8.4.3 Configure Instrumentation, annotation, and verification

These steps are the same as for Section 8.3, “Path A: Use an existing Collector”. Follow Section 8.3.2, “Create an Instrumentation custom resource” through Section 8.3.5, “Verify SUSE Observability UI”.

8.5 Common validation steps

  • Collector readiness: Ensure the Collector is running and listening on the configured OTLP endpoint.

  • Instrumentation injection: Pod annotations should result in injected init containers or sidecars.

  • Telemetry export: In SUSE Observability, confirm that traces and metrics from your applications appear alongside other monitored data.

  • Resource enrichment: Kubernetes attributes (for example, k8s.pod.name and k8s.namespace.name) help SUSE Observability correlate telemetry with topology.

8.6 Troubleshooting

Go auto-instrumentation silent or failing.
  • Go auto-instrumentation (eBPF-based) may require kernel support, shareProcessNamespace: true, and (depending on the Operator version) privileged containers.

  • Verify Operator version requirements and feature gates.

  • Ensure pod security settings allow eBPF.

  • If this is not possible, use manual SDK instrumentation.

No init container or injection not happening.
  • This may be caused by a typo in the annotation, the wrong language annotation (for example, inject-java vs inject-python), or the Instrumentation resource not being present in the namespace at pod startup.

  • Confirm that the annotation matches the intended language.

  • Ensure the Instrumentation resource exists in the pod namespace before pods are created.

  • If pods are already running, redeploy them after creating Instrumentation.

Telemetry not reaching the Collector (exporter pointing to localhost).
  • Instrumentation defaults to http://localhost:4317 if spec.exporter.endpoint is omitted.
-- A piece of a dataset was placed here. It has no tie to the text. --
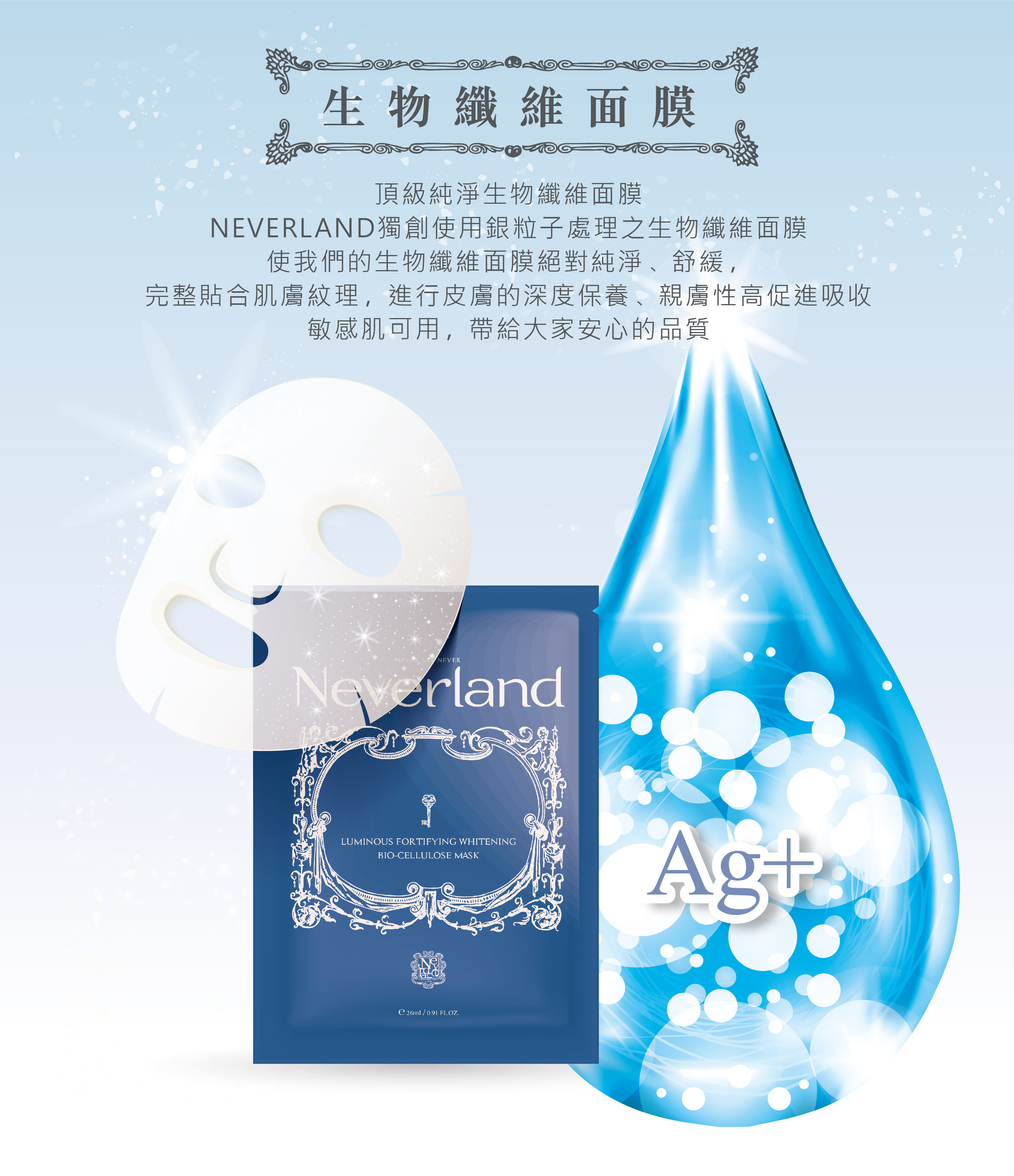 Neverland獨創使用銀粒子處理之生物纖維面膜,使我們的生物纖維面膜絕對純淨、舒緩,完整貼合肌膚紋理,進行皮膚的深度保養、親膚性高促進吸收。

Telemetry is dropped or sent to a pod-local endpoint.

  • Set spec.exporter.endpoint to the Collector Service FQDN (for example, http://<collector-name>.<namespace>.svc.cluster.local:4318).

  • Verify OTEL_EXPORTER_OTLP_ENDPOINT in the pod environment.

Webhook or admission failed (TLS or cert errors).
  • The Operator webhook rejects resources. You can see error events for webhook certificates.

  • Ensure cert-manager is installed.

  • Ensure the chart values enable certificates (for example, admissionWebhooks.certManager.enabled: true), or enable auto-generated certificates per chart values.

  • Check kubectl get validatingwebhookconfigurations and review the Operator logs.

Image pull or permission issues.
  • The init container fails to start due to image pull errors.

  • Run kubectl describe pod and look for ImagePullBackOff.

  • Fix the image pull secrets and registry access.

Late annotations (Operator did not inject).
  • The pod started before the Instrumentation resource existed.

  • Delete and recreate the pod after the Instrumentation resource exists.

  • Alternatively, add automation around re-initialization during rollout.

TLS to the Collector (secure OTLP).
  • Your environment requires Instrumentation.spec.exporter.tls (mTLS or a custom CA).

  • Create a ConfigMap containing the CA bundle.

  • Reference it from Instrumentation.spec.exporter.tls.configMapName.